2024-03-21 15:36:56,403 INFO:   Defaulted to use the job-operator namespace as the usernode config /opt/cerebras/config_v2 only has access to that namespace.
2024-03-21 15:36:56,659 INFO:   Initiating a new execute wsjob against the cluster server.
2024-03-21 15:36:56,758 INFO:   execute job id: wsjob-bdcvvsrwely3kbfwduefqx, remote log path: /n1/wsjob/workdir/job-operator/wsjob-bdcvvsrwely3kbfwduefqx
2024-03-21 15:37:06,789 INFO:   Poll ingress status: Waiting for job running, current job status: Scheduled, msg: job is scheduled. 
2024-03-21 15:37:16,793 INFO:   Poll ingress status: Waiting for job service readiness.
2024-03-21 15:37:36,838 INFO:   Poll ingress status: Waiting for job ingress readiness.

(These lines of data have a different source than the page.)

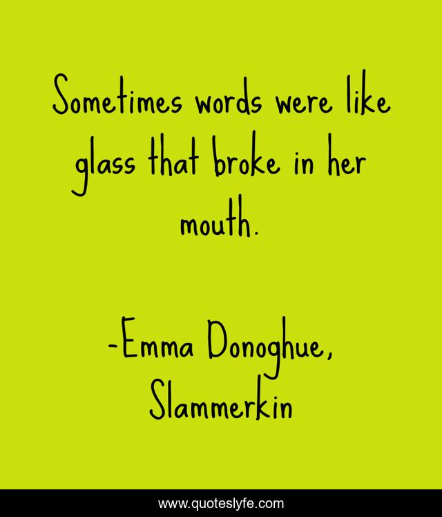 "Emma Donoghue, Slammerkin Quotes." Quoteslyfe.com, 2025. Sat. 06 Dec. 2025. <https://www.quoteslyfe.com/quote/Sometimes-words-were-like-glass-that-broke-75632>.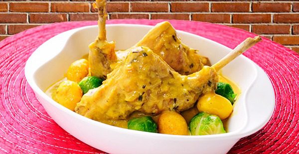 7.Añadir la mostaza, la miel el caldo de pollo y el estragón. Cocinar a fuego medio hasta que la salsa espese, rectificar la cocción del conejo, en caso de que aún se sienta muy duro, incorporar más caldo de pollo o agua y cocinar hasta que esté suave.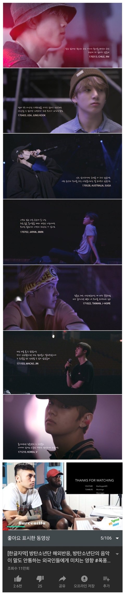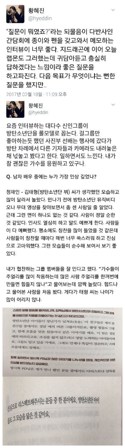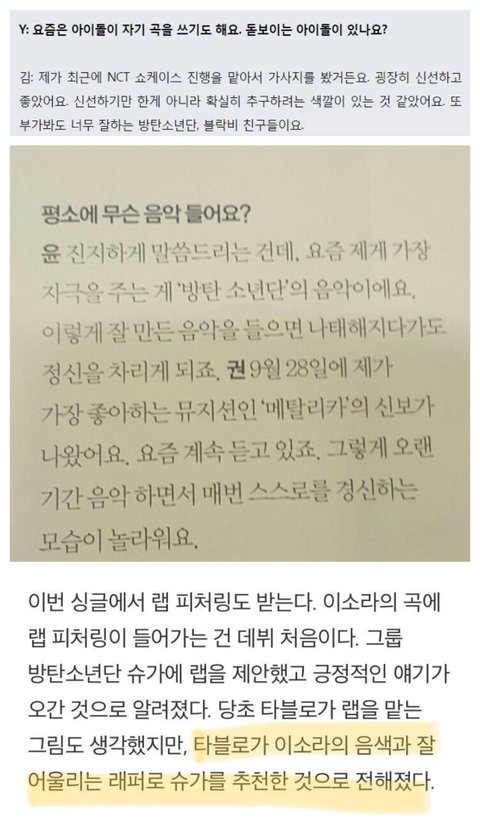 위에서부터 작사가 김이나, 십센치, 타블로의 방탄소년단 언급

2024-03-21 15:37:46,861 INFO:   Ingress is ready: Job ingress ready, poll ingress success.
2024-03-21 15:37:47,052 INFO:   Preparing to execute using 1 CSX
2024-03-21 15:38:33,999 INFO:   About to send initial weights
2024-03-21 15:40:01,150 INFO:   Finished sending initial weights
2024-03-21 15:40:01,154 INFO:   Finalizing appliance staging for the run
2024-03-21 15:40:01,203 INFO:   Waiting for device programming to complete
2024-03-21 15:41:26,576 INFO:   Device programming is complete
2024-03-21 15:41:27,888 INFO:   Using network type: ROCE
2024-03-21 15:41:27,890 INFO:   Waiting for input workers to prime the data pipeline and begin streaming ...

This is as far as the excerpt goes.